[Peace-discuss] India and the Somali pirates

Jenifer Cartwright jencart13 at yahoo.com
Wed Nov 19 15:34:12 CST 2008


My impresssion is that the pirates (aka Somali fishermen whose livelihoods have been affected by all the trafficking in the area) aren't interested in the ship's goods beyond what they bring for ransom. They board the ship, hold it captive, name their price to release the ship instead of blowing it up. The ships bring a hefty ransom because they're carrying valuable cargo -- oil or guns -- which they don't want destroyed. Once the pirates are paid off (e g a deal is struck to deliver goods, food, etc) to particular village(s), the ship, crew and cargo are released unharmed. I'm surprised the big guns allow the priates to board, but I'm sympathetic to their cause, kinda like Robin Hood, redistribution of weatlth. 
 
Speaking of India, problems again w/ natives fighting Coca Cola for their water rights -- Coca Cola needs tons and tons of gallons of it to keep their plants going. Haven't we heard this before??? 
 --Jenifer 
 

--- On Wed, 11/19/08, Ricky Baldwin <baldwinricky at yahoo.com> wrote:

From: Ricky Baldwin <baldwinricky at yahoo.com>
Subject: [Peace-discuss] India and the Somali pirates
To: "peace discuss" <peace-discuss at lists.chambana.net>
Date: Wednesday, November 19, 2008, 2:33 PM






So NPR is repeating today that the Indian Navy has claimed victory in a reported “sea battle” with Somali pirates and even sank one of the pirates’ “mother ships.”  A US Naval College professor interviewed this morning told Daniel Schorr that piracy had now become a major threat to the world’s energy resources.  Presumably the professor was referring specifically to sea piracy – he didn’t mention the big corporate land pirates – and in fact the interview never brought up any pirates other than Somali ones.  
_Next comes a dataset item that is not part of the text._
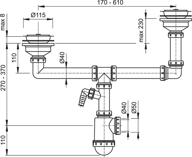- Magyarországra történő szállítás ALCAPLAST szifon kétmedencés mosogatóhoz, leeresztővel DN115 kétszintű csatlakozóval A454P
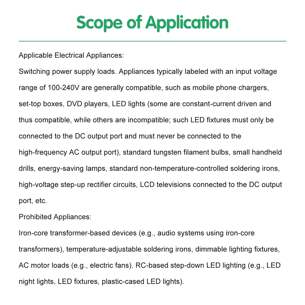 Applicant area: switching power supply type loads. Generally, electrical appliances with input voltage of 100-240V can be used, such as non counterfeit mobile phone chargers, set-top boxes, DVDs, LED lights (some are driven by constant current, so some can be used, and some LED lights cannot be used. When using, they can only be connected to the DC output port, and must not be connected to the high-frequency AC output port), ordinary tungsten filament bulbs, small electric drills, energy-saving lights, LCD TV is connected to DC output port, etc.

They discussed some Saudi tankers recently seized or threatened by the former Somali fishermen.  Again, the context was decidedly not the potential right of the inhabitants to control or benefit from the resources of their lands – we’re against that, aren’t we? – but the threat to rich people’s profits derived from said resources.
 
Reminds me of a story that Noam Chomsky attributes to St. Augustine , I believe.  Alexander "the Great" it seems once captured a rather mouthy pirate.  Alexander: Who are you to molest the seas?  Pirate: Who are you to molest the whole world?  I have one ship, and you call me a pirate.  You have a whole navy, and they call you emperor.
 
Not that India is the biggest emperor in the picture these days – that would be us.  India has been in the news a lot lately, as have Somali pirates.  India even landed a probe on the moon earlier this month.  The pirates haven’t managed any moon shots yet, as far as I know.  
 
But the Horn of Africa is one of those regions where Washington thinkers and oil company executives like to play Risk.  After all, the Persian Gulf is right there.  (We didn’t think all that Black Hawk stuff in Mogadishu was really about 'humanitarian' concerns, did we?)  And ever since the implosion of the USSR , India has been a lot more amenable to US scheming.  A lot more.  



The rise of the Hindu Nationalists probably hasn’t hurt, either.  The Indian government has had its own conflicts with Islamic populations at home and abroad for many years, complete with suicide bombings and military deployments, even a nuclear arms race with Pakistan .  According to international opinion polls after the World Trade Center attacks, India was the only country that ranked higher than the US in saying “war is the answer.”  And so on.



But I'm certainly no expert on the region (or anything else).  Anybody else have insights on this?